A research opportunity is available in the Office of Testing and Research (OTR), Division of Product Quality Research (DPQR) at the Center for Drug Evaluation and Research (CDER), Food and Drug Administration (FDA), located in Silver Spring, Maryland. CDER performs an essential public health task by making sure that safe and effective drugs are available to improve the health of people in the United States. As part of the FDA, CDER regulates over-the-counter and prescription drugs, including biological therapeutics and generic drugs. This research covers more than just medicines.
The project is aimed to investigate the effect of various sources, manufacturing processes, and grades of collagen materials on the quality and in vitro performance of the collagen-matrix implant.
Under the guidance of the mentor, the participant will receive practical training and educational experience on the lab scale manufacturing of implant products, mitigation and process control strategies and how to utilize state-of-the-art analytical instrumentation. The participant will also gain an understanding of the current regulatory requirements and risk assessment strategies for the collagen or related implant drug products.
Anticipated Start Date: The start date is flexible and will depend upon a variety of factors.
This program, administered by ORAU through its contract with the U.S. Department of Energy to manage the Oak Ridge Institute for Science and Education, was established through an interagency agreement between DOE and FDA. The initial appointment is for one year, but may be renewed upon recommendation of FDA contingent on the availability of funds. The participant will receive a monthly stipend commensurate with educational level and experience. Proof of health insurance is required for participation in this program. The appointment is full-time at FDA in the Silver Spring, Maryland, area. Participants do not become employees of FDA, DOE or the program administrator, and there are no employment-related benefits.

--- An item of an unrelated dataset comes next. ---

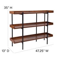 MAYFAIR 3 SHELF 35"H STORAGE DISPLAY UNIT BOOKCASE WITH BLACK METAL FRAME IN RUSTIC WOOD GRAIN FINISH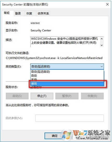 3、雙擊打開SecurityCenter屬性,停止該服務(wù)并設(shè)置啟動類型為“禁用”。

Completion of a successful background investigation by the Office of Personnel Management is required for an applicant to be on-boarded at FDA. OPM can complete a background investigation only for individuals, including non-US Citizens, who have resided in the US for a total of three of the past five years.
FDA requires ORISE participants to read and sign their FDA Education and Training Agreement within 30 days of his/her start date, setting forth the conditions and expectations for his/her educational appointment at the agency. This agreement covers such topics as the following:
Non-employee nature of the ORISE appointment;
Prohibition on ORISE Fellows performing inherently governmental functions;
Obligation of ORISE Fellows to convey all necessary rights to the FDA regarding intellectual property conceived or first reduced to practice during their fellowship;
The fact that research materials and laboratory notebooks are the property of the FDA;
ORISE fellow’s obligation to protect and not to further disclose or use non-public information.
The qualified candidate should have received a master’s or doctoral degree in one of the relevant fields, or be currently pursuing the degree with completion by January 5, 2023. Degree must have been received within the past five years.
Strong analytical experience is preferred, as well as a background in pharmaceutical science.
Knowledge on characterization of material/drug products, polymer chemistry or in vitro release test is desirable.
A strong background in written and oral communication with a publication history in peer reviewed journals is preferred.